相互排他(Mutual Exclusion)

 共有のデータ構造を他のプロセスが同時に使用しないことを保証する.

集中アルゴリズム

 複数のプロセスのうち,1つのプロセスが代表してコーディネータとなる.
 そして,各データにアクセスしているプロセスを管理する.

・あるデータにアクセスしているプロセスは「臨界領域(critical region)」に入れる.
・すでに臨界領域に入ろうとするプロセスがいたら,コーディネータは要求を待ち行列につなぐ.
・臨界領域に入っているプロセスがそこから出たら,排他制御からの開放をコーディネータに要求する.
・排他制御からの開放要求を受けると,待ち行列の最初の要求プロセスを臨界領域に入れる.
  • 利点
     ・FCFS(First Come First Serve)であるので公平
     ・実装が簡単
     ・臨界領域に対して3つのメッセージのみで扱える   Request(要求),Grant(許可),Release(開放)
  • 欠点
     ・コーディネータに障害が起きるとシステムがダウン
     ・臨界領域が埋まっているのか,コーディネータがダウンしているのか区別がつかない
     ・コーディネータの性能がパフォーマンスに影響(ボトルネック)

分散アルゴリズム

 RicartとAgrawalaによるアルゴリズム.データ構造を利用する全てのプロセスで,各データの臨界領域の制御をする.

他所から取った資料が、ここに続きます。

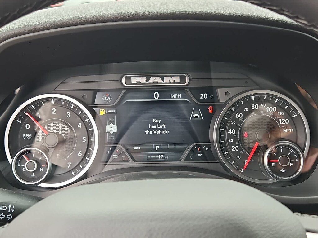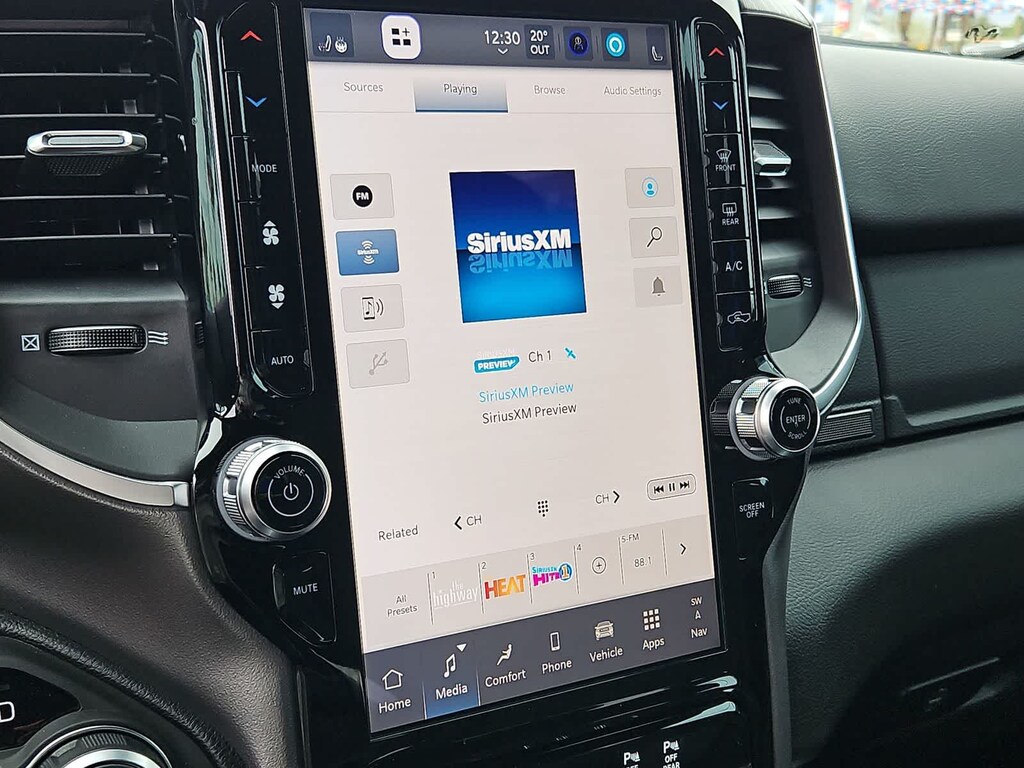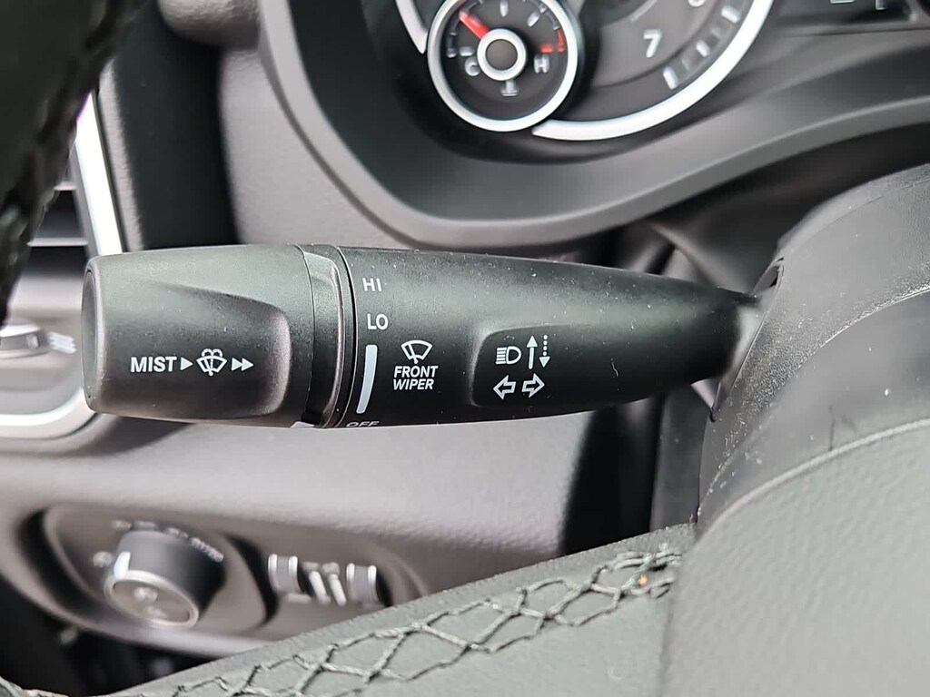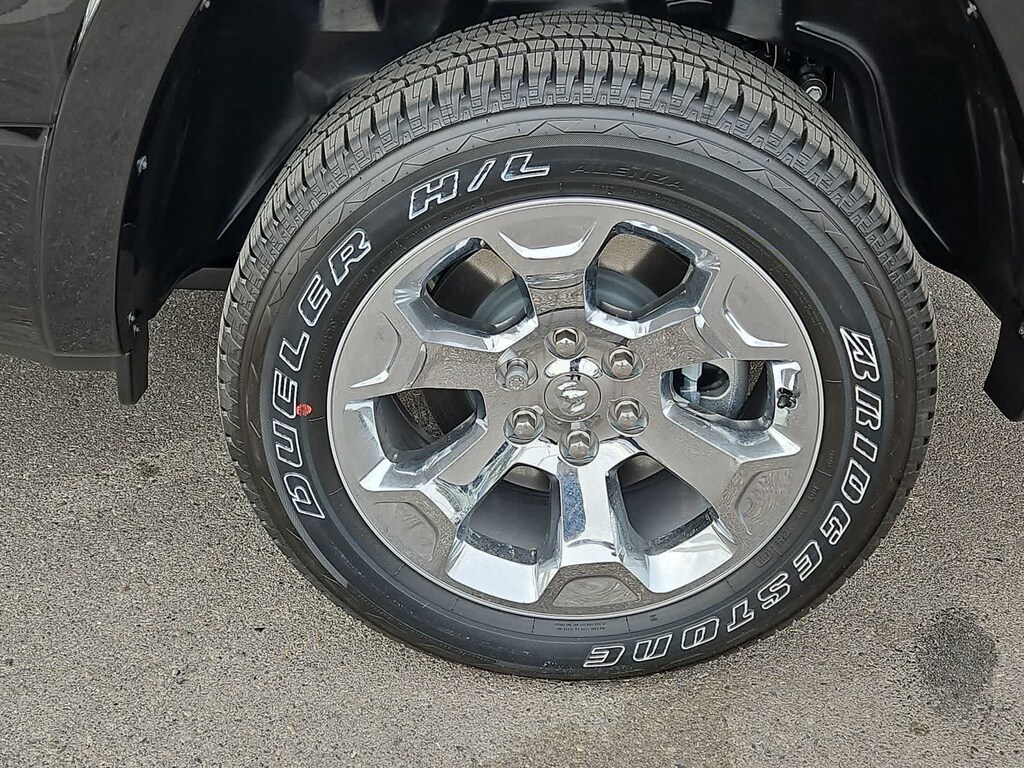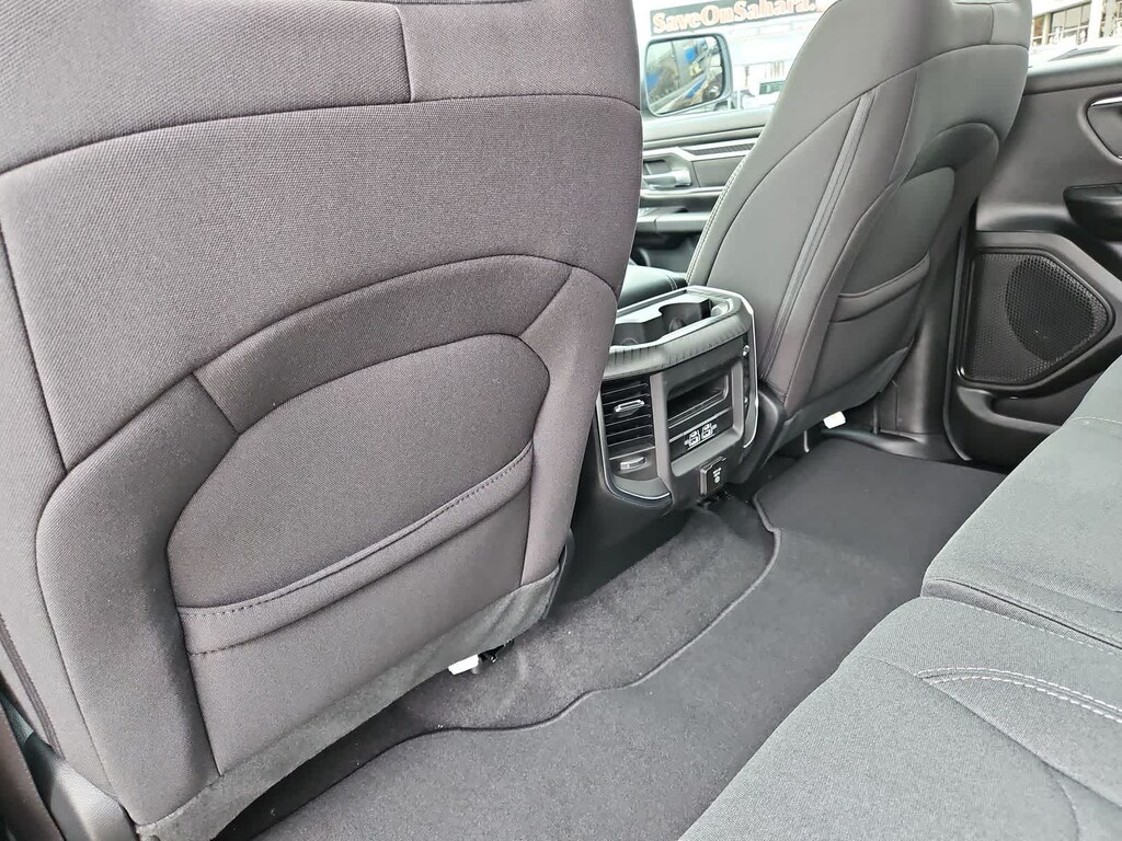 Our Big Horn cabin has been tailored to fit your needs, with the Level 2 Equipment Packages heated deluxe cloth seats, a heated leather-wrapped steering wheel, universal home remote, power adjustable pedals, power sliding rear window, dual climate control, a RAM Clean-Air System, keyless access, push-button ignition, cruise control, door-sill scuff plates, and clever cargo space, and a Uconnect 5 with 12.0-inch touchscreen features voice control, Bluetooth, and a nine-speaker sound system for intelligent infotainment.

・臨界領域に入ろうとすると,要求メッセージを全てのほかのプロセスに送る.
  要求メッセージ(臨界領域の名前,プロセス番号,現在時刻)
・プロセスが要求メッセージに対し,そのデータの臨界領域の情報と比較して返信する.
・すでに臨界領域が埋まっていれば,待ち行列につなぐ.
・埋まってなくて,同じデータに対しての要求メッセージが複数ある場合は時刻によって制御する早い者勝ち
・要求元のプロセスは要求メッセージを送った後,すべてのプロセスからの応答を待つ.
・臨界領域から出たら,待ち行列にいるプロセスにOKメッセージを送る.
  • 利点
     ・デッドロックやStarvation(優先度の低いプロセスがずっと待たされること)が起こらない.
  • 欠点
     ・メッセージ数がすごく多い.(各プロセスに往復メッセージ)
     ・すべてのプロセスからの許可が必要なので,1つのプロセス障害がこわい
     ・分散アルゴリズムなのに,すべてのプロセスということから負荷が軽くなるわけじゃない.
     

トークンリングアルゴリズム

 プロセスに順序をつけて,その付与された番号順に並べることにより仮想的なリングを作る.
 そして,そのリングの上を順々にトークン(権利)が受け渡されていくことにより,順番が回ってくる.

token.gif
・リングを初期化したとき,プロセス0(番号0)にトークンが渡される
・トークンを持っているときだけ,臨界領域に入ることが出来る.
・臨界領域から出たときに,トークンを次のプロセスに渡す.
・トークンを受け取っても臨界領域に入る必要が無かったら次のプロセスに渡す.
  • 利点
     ・Starvationが起こらない.(ちゃんと順番は回ってくる)
  • 欠点
     ・トークンが無くなったら再発行しなくてはいけない.
     ・トークンがなくなった時に判断しづらい.(1周の時間の上限が分からない)
     ・プロセスがクラッシュすると,リングを作り直す必要がある.

選挙アルゴリズム

 複数のプロセスがあるときに,1つのプロセスに特別な役割(コーディネータなど)を割り当てる際のプロセスの選びかた.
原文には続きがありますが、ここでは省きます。